Share your dilemmas and get honest opinions from other Mumsnetters.

To tell a fmaily member i know...

13 replies

sarahbeth2 · 01/05/2011 09:32

A friend of a family member has written to tell us something they want us to deal with to help out this family member. They told us that we werent to say what we knew and that we werent to say where any info had come from.

How do we get to talk to the family member about this issue without admitting we know something? Are we wrong to divuldge what we know in order to deal with the problem? Is the sender of the letter unreasonable for asking us to do this?

oh we have tried to have a general conversation and ask things to the family member but this has not come up so dont know how to approach it...

Sorry being vague...

OP posts:
Dolcegusto · 01/05/2011 09:34

Eh? You're going to have to give more info than that.

kreecherlivesupstairs · 01/05/2011 09:37

Being very vague, more info needed for rational advice.

sarahbeth2 · 01/05/2011 09:37

Sorry!!! Its hard as i dont want to be 'found out' lol.

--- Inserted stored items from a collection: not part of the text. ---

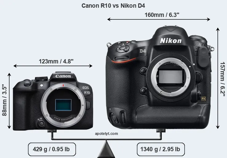 La dimensione fisica e il peso della Canon R10 e Nikon D4 sono illustrate nel grafico sottostante. Le due fotocamere vengono visualizzate in base alle loro dimensioni relative. Tutte le dimensioni sono arrotondate al millimetro più vicino.
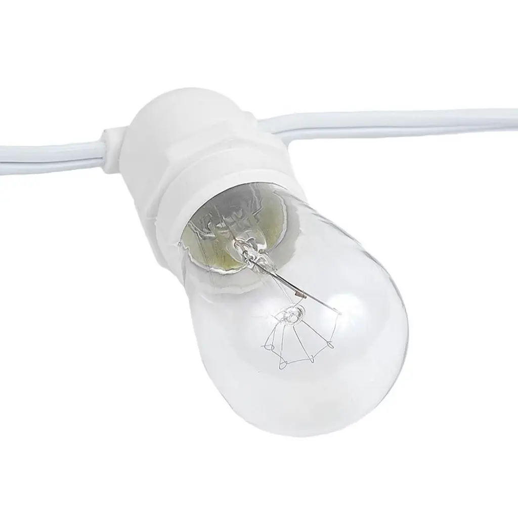 Novelty Lights clear S14 medium base bulbs string light set with 50 bulbs on 100' of commerical grade white wire. These are our most durable string light sets and are suitable for year round outdoor use and permanent lighting applications. Each set includes 50 S14 medium base bulbs on a commerical grade white wire stringer with 50 sockets that are spaced 24" apart. These clear S14 light strings have long-lasting 6,000 hour bulbs and are on a heavy duty 16 gauge SPT-2 white wire stringer. Each socket is made with PVC plastic to provide a water-tight seal and to ensure no defects due to weather. These durable and heavy duty light strings will provide you with years of maintenance free use. Perfect to use on any patio, restaurant, backyard, pergola, wedding venue, or town square for hanging outdoor string lights.
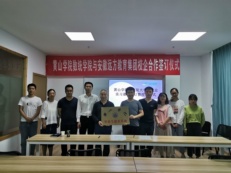 5月14日下午,数学与统计学院和安徽远方教育集团在黄山市屯溪区远方教育分公司举行就业基地授牌仪式。该院党总支书记方继光、副院长胡建伟、数学与应用数学教研室主任胡玲、辅导员陈伟龙与安徽远方教育集团负责人程智超等相关人员参加了授牌仪式。

A family member has a son who lives with her and he is using drugs and stealing from her. She hasnt told anyone so we need to help her. Not sure how....

OP posts:
BluddyMoFo · 01/05/2011 09:37

This reply has been deleted

Message withdrawn at poster's request.

BluddyMoFo · 01/05/2011 09:38

This reply has been deleted

Message withdrawn at poster's request.

BluddyMoFo · 01/05/2011 09:39

This reply has been deleted

Message withdrawn at poster's request.

CareyFakes · 01/05/2011 09:39

Not much you can do if she's not happy to discuss it. I would just keep my eyes open, ears ready, and let her know she has a support network. Must be hard for her, horrible situation

sarahbeth2 · 01/05/2011 09:42

We know this has happened in the past but not now...
He has such an awful history, we have told her before now to trust him but its 'her son' blah blah. But we are family too. On a seperate note, am i unreasonable for no longer allowing my kids to go round and saying she is welcome here? That will tell her we know something though...

OP posts:
onceamai · 01/05/2011 12:07

No you YANBU. Your children shouldn't be going there. Let her visit you. The son needs professional help - not much you or his mother can do alone.

squeakytoy · 01/05/2011 12:10

Why would you not allow your kids to go round there?

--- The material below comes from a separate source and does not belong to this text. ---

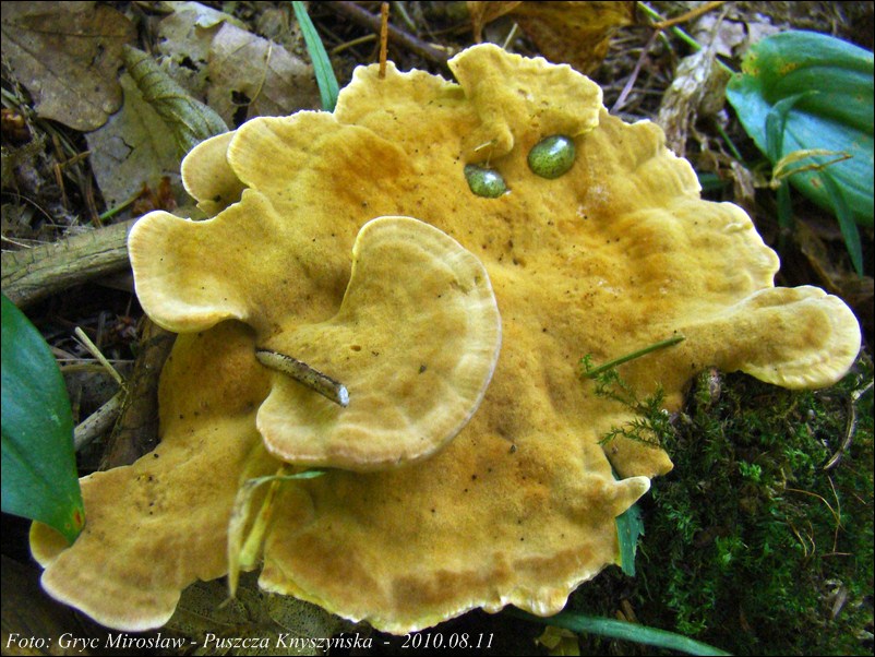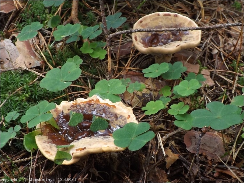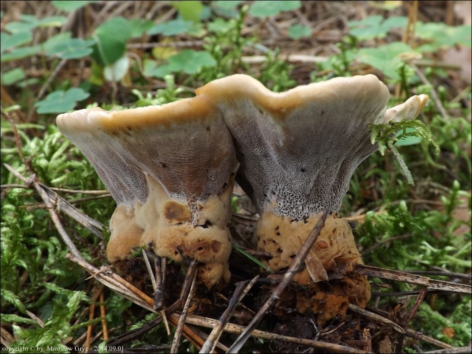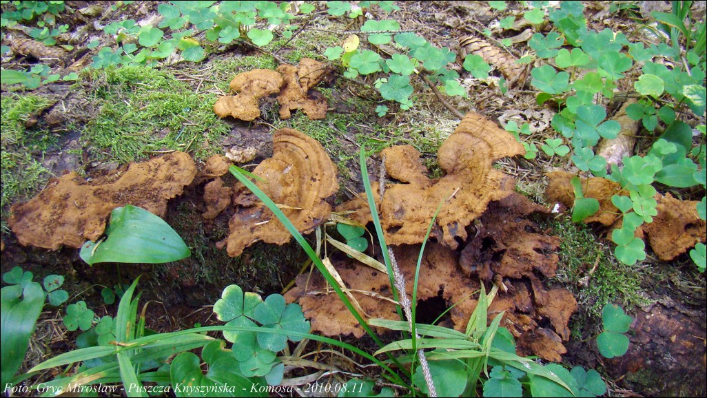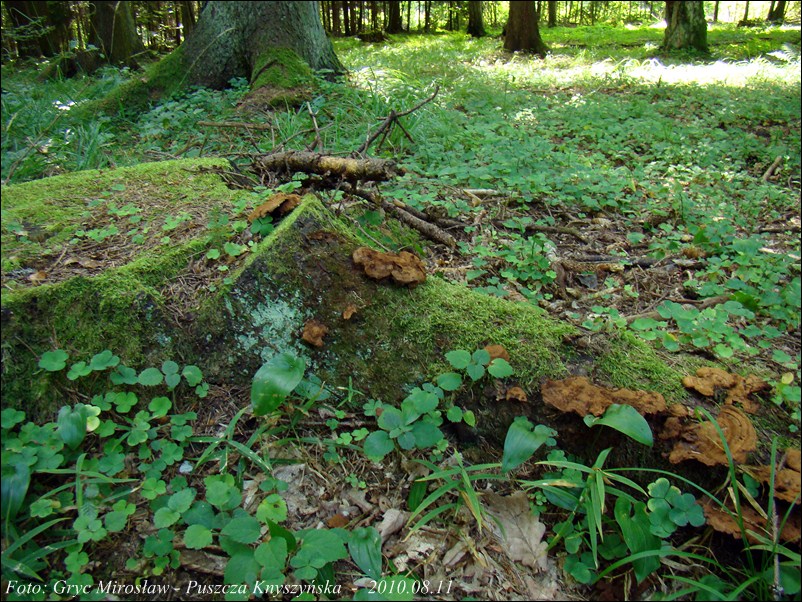 | ID: 144842 z dn. 2009.08.16 (ATPOL: GC-11) | Puszcza Knyszyńska, okolice leśniczówki Krasny Las.Stary las puszczański, drzewostan mieszany (przewaznie: świerk, grab, dąb). Na korzeniach świerka, cztery owocniki. Obok nich, nie dalej jak 50 m, następne 3 owocniki na korzeniach żywego świerka. Stanowisko ujęte w pracy zespołowej: Grzyby Puszczy Knyszyńskiej - Anna Kujawa, Błażej Gierczyk, Mirosław Gryc, Marek Wołkowycki - 2019 rok. | |

sarahbeth2 · 01/05/2011 14:27

He has been getting help but is such a good liar and manipulator its obviously not working. Suppose i just felt the guilt trip re kids as she is very woe is me and what am i going to do i cant have them round etc.
Dont think we can help much and now decided to ask some leading questions and then let on we know whats going on and that we wont be visiting any time soon. If the person who wrote the letter feels betrayed that we have told them there is not much we can do is there!

OP posts:
animula · 01/05/2011 14:33

I can appreciate the friend-of-the-family-member's intentions, but my instinct suggests it won;t work.

situation is probably thriving on various forms of secrecy/enablement/denial and this is just adding another (well-intentioned) level.

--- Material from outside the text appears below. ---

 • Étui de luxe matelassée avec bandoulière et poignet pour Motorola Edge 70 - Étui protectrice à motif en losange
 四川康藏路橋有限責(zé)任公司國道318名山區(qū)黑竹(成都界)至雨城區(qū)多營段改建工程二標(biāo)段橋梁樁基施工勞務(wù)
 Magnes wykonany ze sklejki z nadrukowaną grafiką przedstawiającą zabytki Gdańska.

Sounds grim. Drug-use in teenage years (guessing here) and in the family is grim.

Did you knwo before you were "informed"? How close are you all? Is there realistic support you can offer? What might that be? Is it impacting on your immediate family?

sarahbeth2 · 02/05/2011 09:58

Teenage years?! No he is in his 30s!!!!

Yes we knew and god the story of his behaviour dates back so long.
The family member is definately an enabler and denies her son is this way. We are having her over today to discuss. We have helped and helped so this is really the last straw. It is impacting on our family but no longer, we a re through with it!